**Task objective**
Return every line of the records, exact and in full, until you have returned the line with "Freuen Sie sich", and include none of the pictures.

::: Records for the task :::

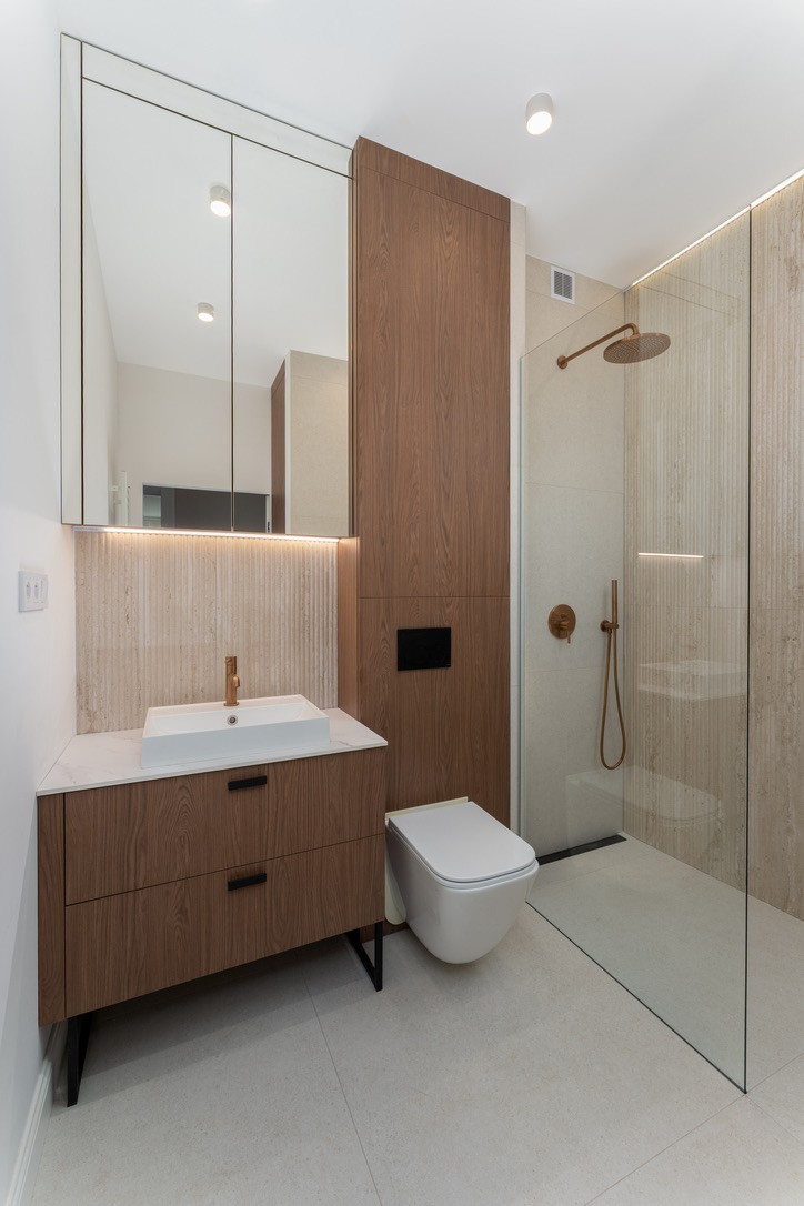 • dwie łazienki (jedna z oknem i wanną, druga z prysznicem, ogrzewanie podłogowe),
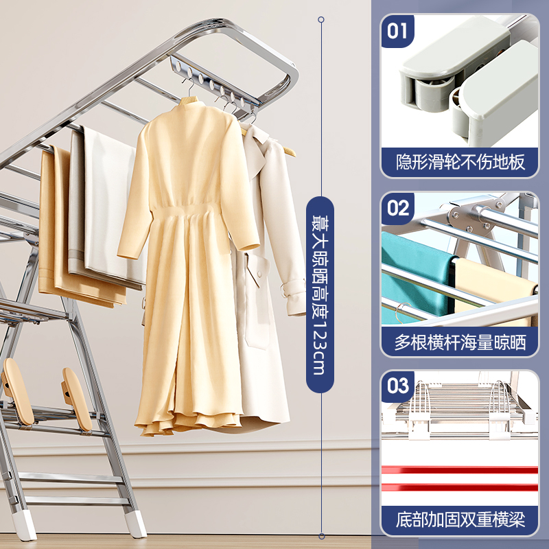伸缩衣架阳台晾衣晾晒落地家用晾衣架室内卧室置地 升降晾晒衣架
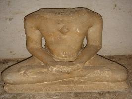 | Description / विवरण | An independent sculpture of Jaina Tirathankara seated in Padmasana. The head of the figure is missing the Shri vatsa symbol is seen on the chest. |
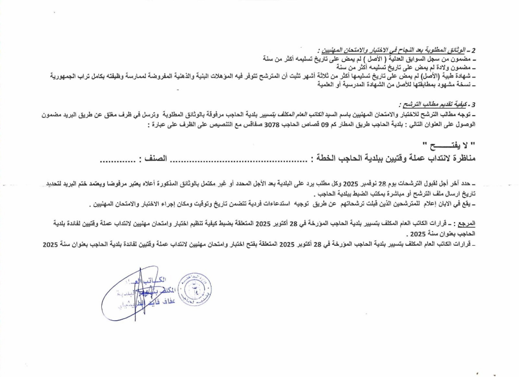 | بلدية بير الحفي | سائق في الوزن الثقيل | 2 | 2025-08-29 | 2025-12-31 |
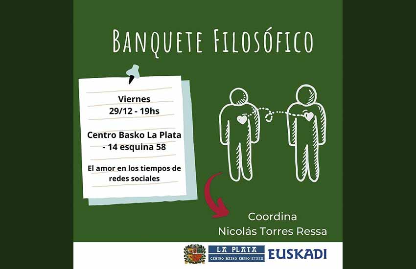Este viernes 29 de diciembre a las 19 horas, último banquete filosófico del año en Euzko Etxea de La Plata: "El amor en los tiempos de las redes sociales".
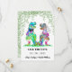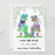 Freuen Sie sich auf diese lustige Dinosaurier-Hochzeit T Rex Braut und Bräutigam mit Waldbewaldung Save the Date. Einfach mit den Namen der Braut und der Zelthäute und dem Hochzeitstermin anpassen. Farbenfrohe Aquarell T Rex Braut und Bräutigam Illustrationen mit moderner Typografie. Einzigartiges Originalwerk von Catherine Sweetman
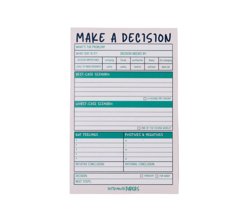 Stop being indecisive and have some fun with the Make A Decision Notepad! This quirky notepad (8.5x5.5", 50 sheets) will finally help you make a decision (or at least make you laugh while trying). Made in the USA, this funny notepad is perfect for all your decision-making needs.
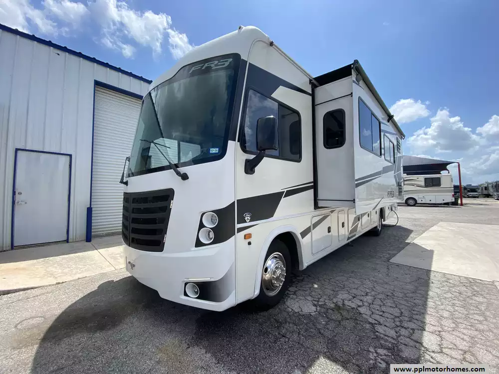 This 2022 FR3 33DS has a V-8 5.4l Ford Engine On a Ford Chassis, 2 Slide-outs, Gas Generator, 2 Ducted Air Conditioners, Levelers, 4 Door Gas/110v Norcold Refrigerator, Automatic Main Awning And Slide Awning, Washer/Dryer, Backup Camera, GPS System, Solar Panel, Heated Tanks, Outside Entertainment System, 2 TVs, Satellite Radio, Outside Shower, Fireplace, Microwave, 3 Burner Range, Oven
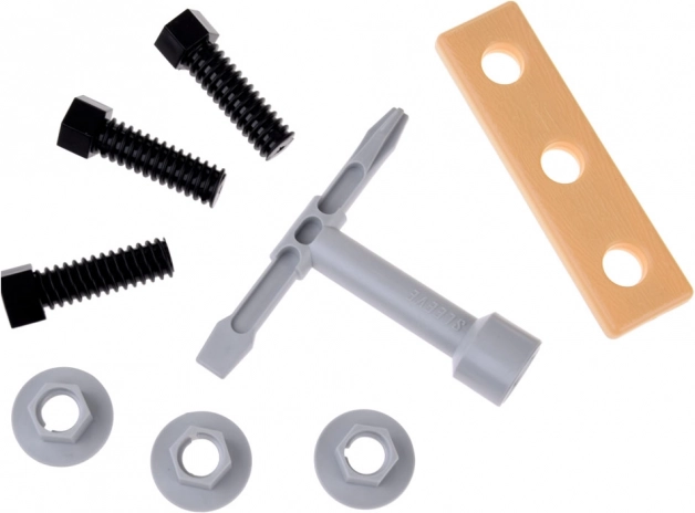 Kiekvienam mažajam meistrui, norinčiam išbandyti savo taisymo įgūdžius, šis didelis įrankių rinkinys – puikus pasirinkimas. Rinkinį sudaro plastikiniai įrankiai trijų spalvų deriniuose: juoda, oranžinė ir pilka, o jų realistinės formos skatina kūrybišką ir vaizduotę lavinantį žaidimą. Kasdieniai taisymai taps pramoga – nesvarbu, ar tai žaislinės mašinėlės rato pritvirtinimas, ar lėlių namelio varžtelio priveržimas.
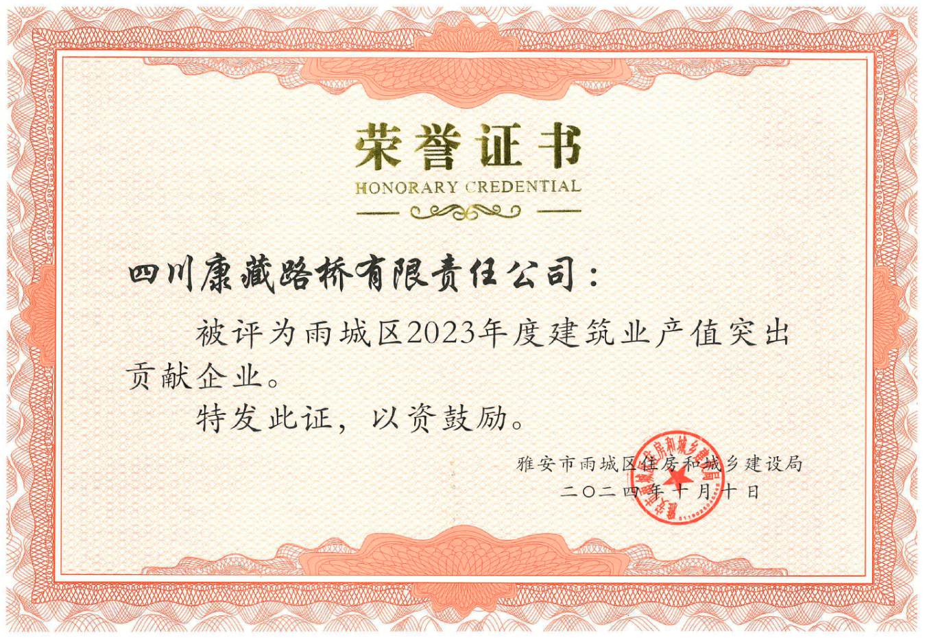 今年10月,路橋公司被雅安市雨城區(qū)住房和城鄉(xiāng)建設(shè)局評為“雨城區(qū)2023年度建筑業(yè)產(chǎn)值突出貢獻企業(yè)”。下一步,路橋公司將持續(xù)貫徹落實市委、市政府決策部署,把學(xué)習(xí)貫徹落實黨的二十大精神與生產(chǎn)經(jīng)營工作結(jié)合起來,發(fā)揮項目引領(lǐng)支撐作用,為地方經(jīng)濟的發(fā)展持續(xù)貢獻力量。
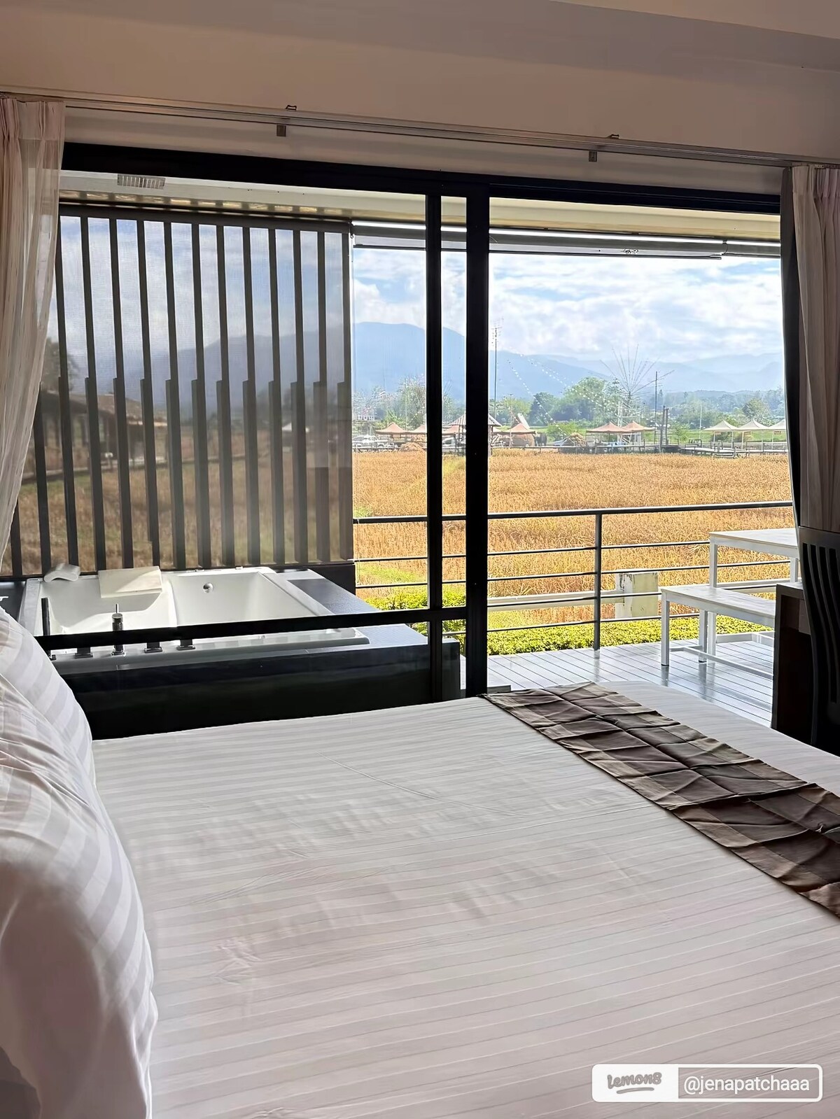 มีมุมห้องนอน, มุนนั่งเล่น, มุมทานข้าว, มุมนั่งทำงานชมวิวสุดหูสุดตา พื้นที่ใช้สอยมากกว่า 66 ตางรางเมตร ห้องน้ำกว้างมาก พักผ่อนครอบครัว 2-3 ท่าน อยู่ในหมู่บ้าน แต่ได้วิวสุดธรรมชาติ ติดถนนหลัก จอดรถหน้าที่พักได้เลย มีบริการแม่บ้าน แม่ครัว วิวสวยกระจกพาโนราม่า ยาวกว่า 11 เมตร สูง 2.70 เมตร เตียงนุ่น โซฟานุ่ม แอร์, ทีวี , ตู้เย็น ,เครื่องทำน้ำร้อน , ผ้าเช็ดตัว สบู่ แชมพู, ไดร์เป่าผม จองราคาที่พักรวมพร้อมอาหารเช้า แม่บ้าน แม่ครัวดูแลตลอด

:::

**Solution to the exercise**
 • dwie łazienki (jedna z oknem i wanną, druga z prysznicem, ogrzewanie podłogowe),
伸缩衣架阳台晾衣晾晒落地家用晾衣架室内卧室置地 升降晾晒衣架
 | Description / विवरण | An independent sculpture of Jaina Tirathankara seated in Padmasana. The head of the figure is missing the Shri vatsa symbol is seen on the chest. |
 | بلدية بير الحفي | سائق في الوزن الثقيل | 2 | 2025-08-29 | 2025-12-31 |
Este viernes 29 de diciembre a las 19 horas, último banquete filosófico del año en Euzko Etxea de La Plata: "El amor en los tiempos de las redes sociales".
 Freuen Sie sich auf diese lustige Dinosaurier-Hochzeit T Rex Braut und Bräutigam mit Waldbewaldung Save the Date. Einfach mit den Namen der Braut und der Zelthäute und dem Hochzeitstermin anpassen. Farbenfrohe Aquarell T Rex Braut und Bräutigam Illustrationen mit moderner Typografie. Einzigartiges Originalwerk von Catherine Sweetman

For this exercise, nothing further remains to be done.